Perfect Stuffed Ziti Fritta Recipe

Perfect Smoked Cheez Its Recipe

Frequently Asked Questions – FAQ’s

Butter candles are unique, edible candles made primarily from clarified butter (ghee) and a small amount of beeswax. They serve a dual purpose: providing ambient lighting and acting as a flavorful addition to food when melted. These candles can be infused with various herbs, spices, or edible essential oils to enhance their aroma and taste.

To make butter candles, melt a mixture of clarified butter and beeswax in a double boiler. Once fully melted and combined, you can add optional ingredients like food-grade essential oils for flavor. Pour the mixture into molds with centered wicks and allow it to solidify. Once set, they’re ready to be lit and used.

Yes, butter candles are safe to eat as long as all ingredients used are edible. This includes using food-grade beeswax and clarified butter (ghee), along with any flavorings or essential oils that are safe for consumption. Always ensure the wick is made from 100% cotton and is lead-free.

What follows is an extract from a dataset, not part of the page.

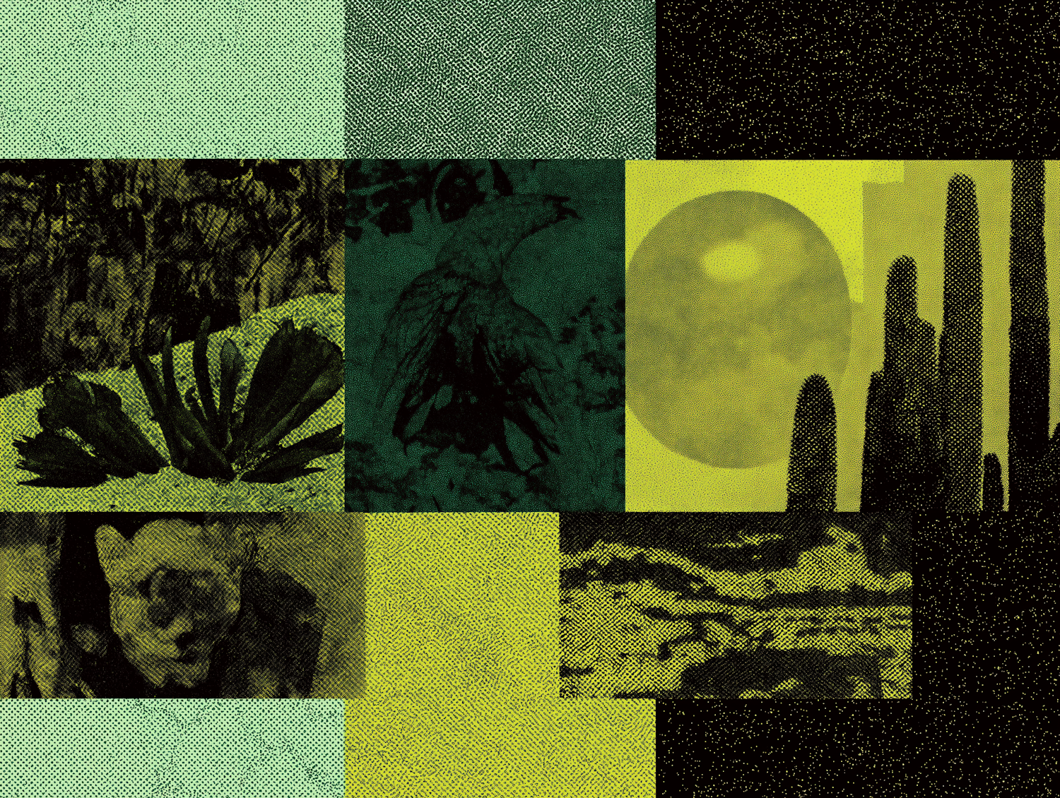 Retro-style collage with green, yellow, and black textures featuring a bird, cacti, desert plants, and abstract patterns.

Butter candles can be lit like regular candles to provide light and ambiance. As the candle burns and the butter melts, you can drizzle the melted butter over dishes such as bread, vegetables, or meats. It’s a creative way to add warmth and flavor to your meals.

The burn time of butter candles can vary depending on their size and the ratio of ingredients used. Typically, a small butter candle can last for about 30 minutes to an hour. It’s recommended to use them within one dining session for the best experience and flavor. Unused butter candles should be stored in the refrigerator and can last for several weeks, similar to regular clarified butter.


Butter candles stand at the crossroads of culinary innovation and traditional ambiance, redefining the dining experience by merging the utility of candles with the indulgence of flavored butter. These edible creations not only elevate the aesthetic of a meal but also engage the senses, offering a warm, flavorful addition to various dishes. The versatility of butter candles, with their ability to be infused with a myriad of flavors, from herbs and spices to sweet and savory essences, allows for personalized dining themes and preferences.

Moreover, the simplicity of their making and the joy of their use underscore a return to hands-on, thoughtful dining practices. By introducing butter candles into a meal, hosts can transform ordinary gatherings into memorable, sensory-rich experiences that delight guests and create lasting impressions. This innovative concept marries the beauty of candlelight with the richness of butter, crafting an ambiance filled with warmth, flavor, and creativity.